Supplied information:
*** Block opens ***

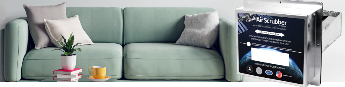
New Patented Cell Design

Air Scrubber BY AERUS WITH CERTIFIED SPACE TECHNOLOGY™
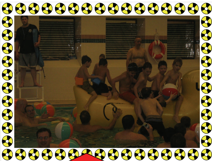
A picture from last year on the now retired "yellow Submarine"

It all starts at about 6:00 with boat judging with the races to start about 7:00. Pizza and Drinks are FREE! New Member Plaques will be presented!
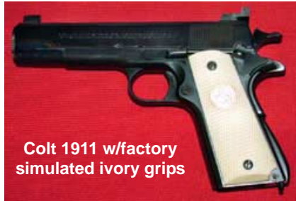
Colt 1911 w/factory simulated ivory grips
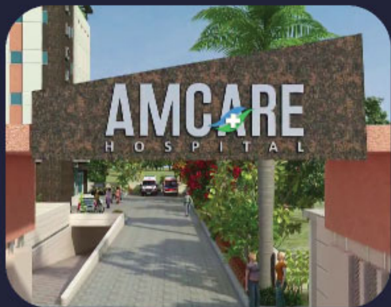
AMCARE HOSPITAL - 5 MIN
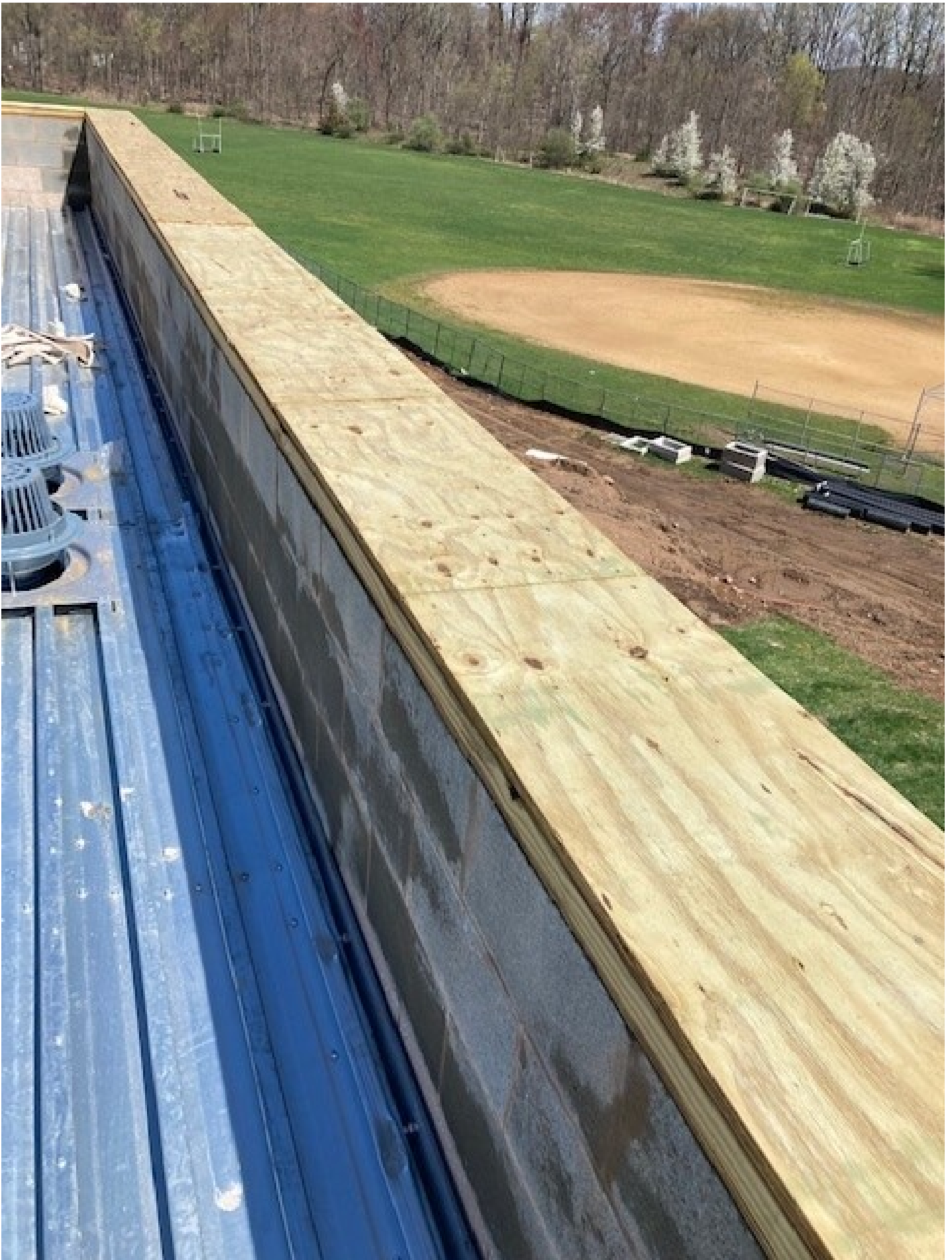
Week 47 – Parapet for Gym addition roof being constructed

*** Block closes ***
*** Block opens ***

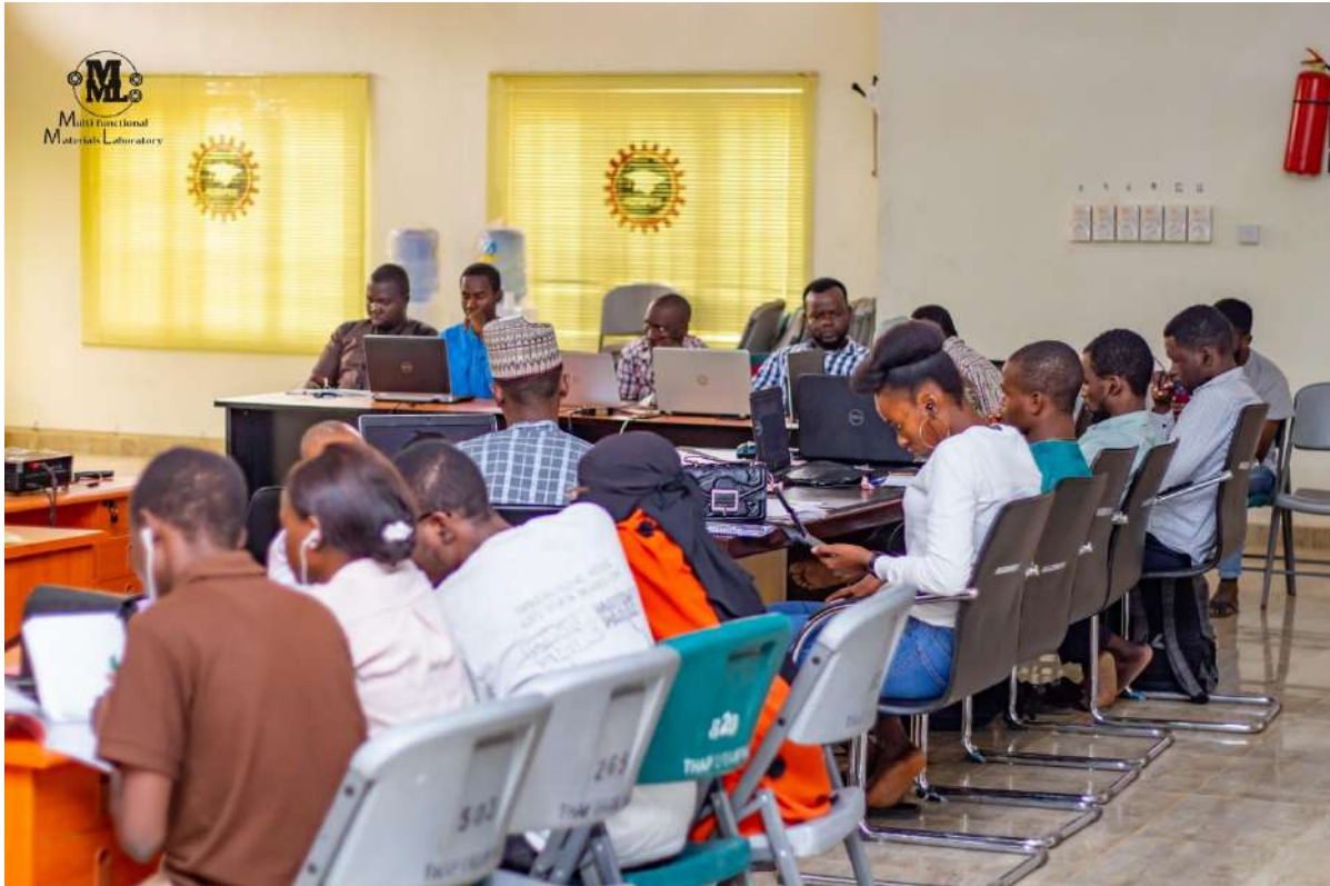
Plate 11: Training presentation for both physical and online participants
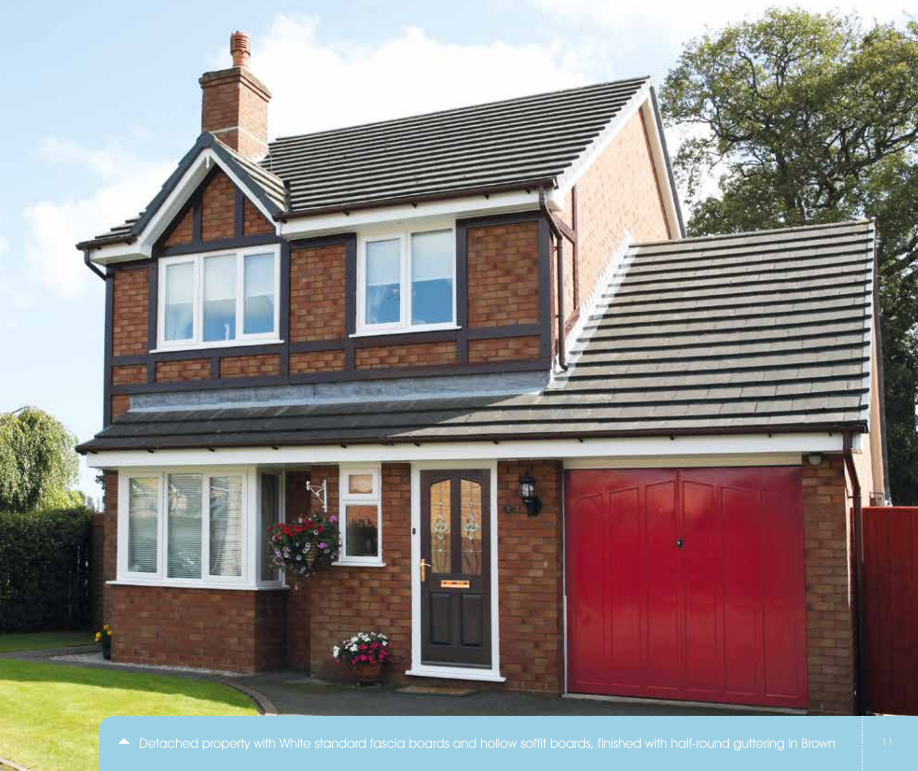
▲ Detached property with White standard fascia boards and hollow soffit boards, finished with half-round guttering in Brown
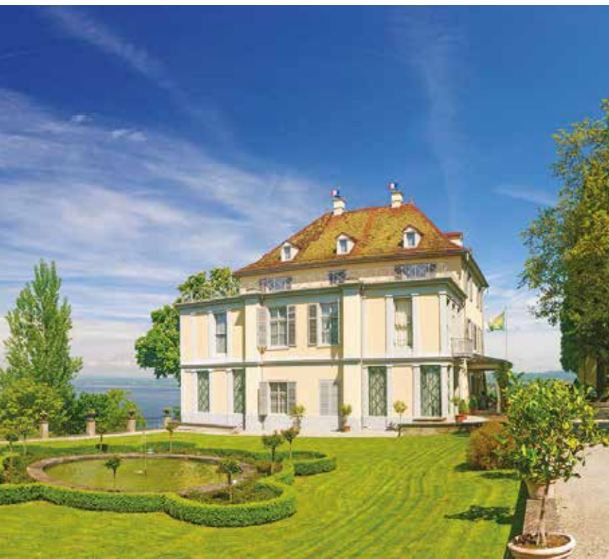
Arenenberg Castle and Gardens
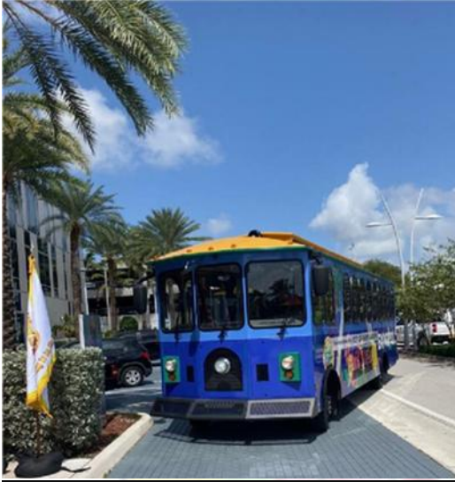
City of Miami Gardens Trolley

*** Block closes ***
*** Block opens ***

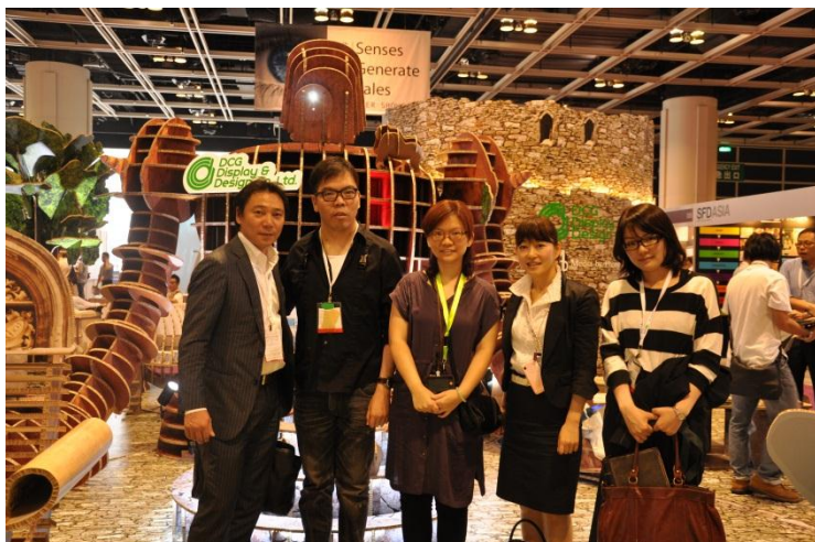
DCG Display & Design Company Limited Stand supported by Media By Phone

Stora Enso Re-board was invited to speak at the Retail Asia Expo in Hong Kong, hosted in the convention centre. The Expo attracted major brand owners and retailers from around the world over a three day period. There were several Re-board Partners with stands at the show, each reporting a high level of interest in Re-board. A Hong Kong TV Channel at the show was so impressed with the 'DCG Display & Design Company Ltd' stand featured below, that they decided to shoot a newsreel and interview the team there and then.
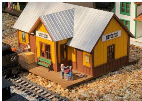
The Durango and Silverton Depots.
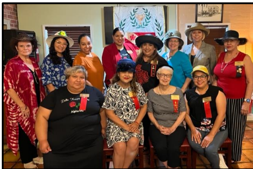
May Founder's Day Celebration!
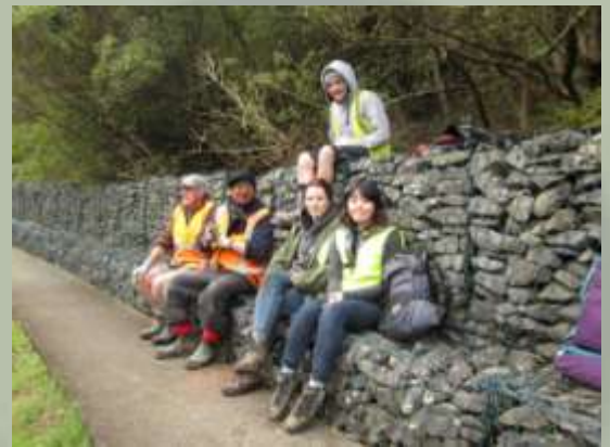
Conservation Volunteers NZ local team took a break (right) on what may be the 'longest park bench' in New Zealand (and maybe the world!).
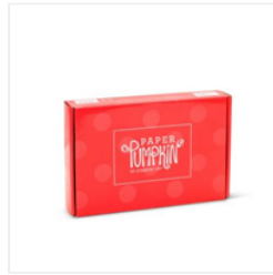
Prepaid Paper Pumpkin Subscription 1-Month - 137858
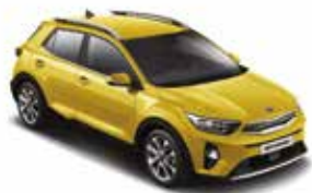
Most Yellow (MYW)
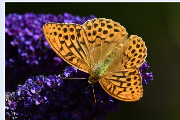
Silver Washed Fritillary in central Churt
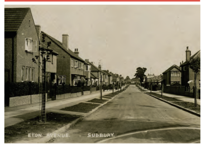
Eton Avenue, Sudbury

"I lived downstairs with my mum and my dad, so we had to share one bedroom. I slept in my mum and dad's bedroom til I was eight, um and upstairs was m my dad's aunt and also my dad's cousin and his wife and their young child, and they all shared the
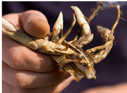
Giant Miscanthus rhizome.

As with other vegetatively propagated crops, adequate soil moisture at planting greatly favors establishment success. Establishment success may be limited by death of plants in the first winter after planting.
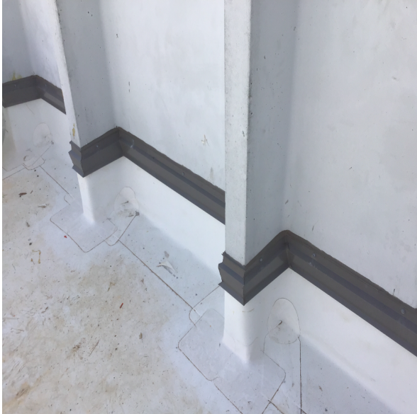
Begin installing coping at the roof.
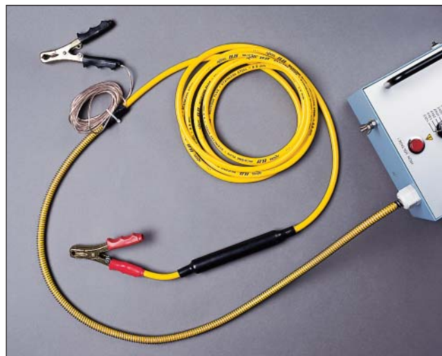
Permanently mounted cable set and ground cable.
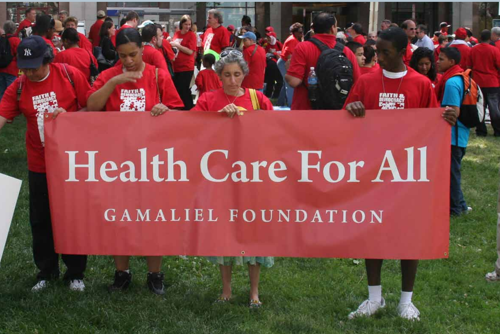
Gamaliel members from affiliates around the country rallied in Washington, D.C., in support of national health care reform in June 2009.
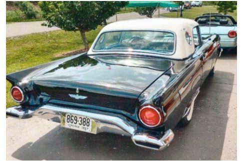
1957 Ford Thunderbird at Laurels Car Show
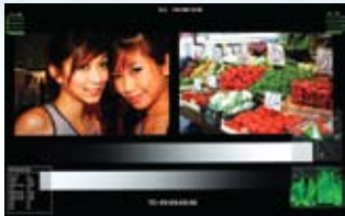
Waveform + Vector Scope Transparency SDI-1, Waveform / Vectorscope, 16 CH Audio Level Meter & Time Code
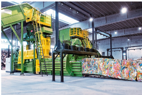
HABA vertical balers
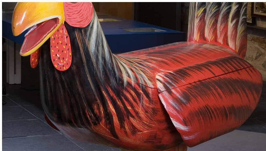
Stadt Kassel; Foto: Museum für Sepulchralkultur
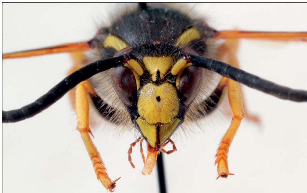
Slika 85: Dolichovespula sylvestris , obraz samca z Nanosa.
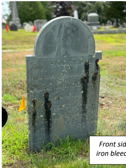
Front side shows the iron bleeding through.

*** Block closes ***

What to do: Say the number of lines in the records above that include the string "Gardens", and no more.

Task answer: 2